- Task directions:
Take the line that contains "活ホタテは子供たちと一緒にミ" and each line after it to the end of the material below, and return them exactly, minus the pictures.

- Available data:
────────────────────

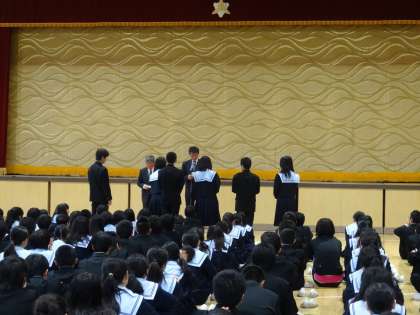 各学年の1組の学級代表が校長先生より認証状を受けとりました。
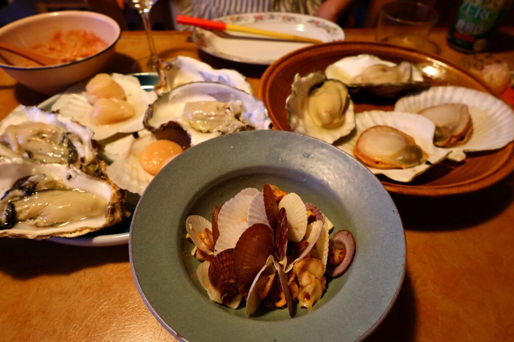 活ホタテは子供たちと一緒にミートナイフで初めてさばきました、パクパクと動くホタテに子供たちは大興奮!ホタテとカキは生とスチームで、ワインに合うようにレモンをきかせたサルサソースを添えました。ホタテの稚貝はアヒージョに。冷えた白ワインで乾杯しながら、今日一日の出来事を振り返ります。
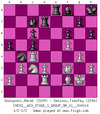 Last move : 1/2-1/2 2015 January 26 3:50:59 [Event "FICGS__CHESS__WCH_STAGE_1_GROUP_SM_01__000014"] [Site "FICGS"] [Date "2014.11.01"] [Round "1"] [White "Soszynski,Marek"] [Black "Denisov,Timofey"] [Result "1/2-1/2"] [WhiteElo "2249"] [BlackElo "2246"] 1.Nf3 Nf6 2.g3 d5 3.c4 c5 4.cxd5 Nxd5 5.Nc3 Nc6 6.Bg2 Nc7 7.O-O e5 8.d3 Be7 9.Nd2 O-O 10.Nc4 f6 11.Bxc6 bxc6 12.b3 Nd5 13.Qd2 Bh3 14.Rd1 Re8 15.Bb2 Rb8 16.Ne4 Nb4 17.f3 Be6 18.Bc3 Qd7 19.Rac1 Bf7 20.Qb2 Nd5 21.Be1 Nc7 22.g4 Ne6 23.e3 Nc7 24.Bg3 h6 25.Qf2 Bg6 26.h3 Rbd8 27.Qd2 Na6 28.f4 exf4 29.exf4 Bf7 30.f5 Bxc4 31.Rxc4 Nb4 32.Qe2 Bf8 33.Rd2 a5 34.Qd1 Kh8 35.Kh2 Qd5 36.Nc3 Qf7 37.Bf2 Qc7+ 38.Kg2 Rd7 39.Qf3 1/2-1/2 Reti Opening Kingside Castling by player White (move 7) Kingside Castling by player Black (move 9) This chess game ended in a draw. Follow this game move after move (download)Life is a kind of Chess, with struggle, competition, good and ill events. (Benjamin Franklin) Oft bringt ein stiller Zug das Erdbeben. (Richard Reti) Todo se encuentra en un estado de flujo y esto incluye al mundo del Ajedrez. (Mikhail Botvinnik) Soyez une menace à chaque fois que vous vous asseyez pour jouer. (Ken Smith) Cactus - It is depressed cucumber. (Ilmars Cirulis)

────────────────────

- Answer space:
 活ホタテは子供たちと一緒にミートナイフで初めてさばきました、パクパクと動くホタテに子供たちは大興奮!ホタテとカキは生とスチームで、ワインに合うようにレモンをきかせたサルサソースを添えました。ホタテの稚貝はアヒージョに。冷えた白ワインで乾杯しながら、今日一日の出来事を振り返ります。
 Last move : 1/2-1/2 2015 January 26 3:50:59 [Event "FICGS__CHESS__WCH_STAGE_1_GROUP_SM_01__000014"] [Site "FICGS"] [Date "2014.11.01"] [Round "1"] [White "Soszynski,Marek"] [Black "Denisov,Timofey"] [Result "1/2-1/2"] [WhiteElo "2249"] [BlackElo "2246"] 1.Nf3 Nf6 2.g3 d5 3.c4 c5 4.cxd5 Nxd5 5.Nc3 Nc6 6.Bg2 Nc7 7.O-O e5 8.d3 Be7 9.Nd2 O-O 10.Nc4 f6 11.Bxc6 bxc6 12.b3 Nd5 13.Qd2 Bh3 14.Rd1 Re8 15.Bb2 Rb8 16.Ne4 Nb4 17.f3 Be6 18.Bc3 Qd7 19.Rac1 Bf7 20.Qb2 Nd5 21.Be1 Nc7 22.g4 Ne6 23.e3 Nc7 24.Bg3 h6 25.Qf2 Bg6 26.h3 Rbd8 27.Qd2 Na6 28.f4 exf4 29.exf4 Bf7 30.f5 Bxc4 31.Rxc4 Nb4 32.Qe2 Bf8 33.Rd2 a5 34.Qd1 Kh8 35.Kh2 Qd5 36.Nc3 Qf7 37.Bf2 Qc7+ 38.Kg2 Rd7 39.Qf3 1/2-1/2 Reti Opening Kingside Castling by player White (move 7) Kingside Castling by player Black (move 9) This chess game ended in a draw. Follow this game move after move (download)Life is a kind of Chess, with struggle, competition, good and ill events. (Benjamin Franklin) Oft bringt ein stiller Zug das Erdbeben. (Richard Reti) Todo se encuentra en un estado de flujo y esto incluye al mundo del Ajedrez. (Mikhail Botvinnik) Soyez une menace à chaque fois que vous vous asseyez pour jouer. (Ken Smith) Cactus - It is depressed cucumber. (Ilmars Cirulis)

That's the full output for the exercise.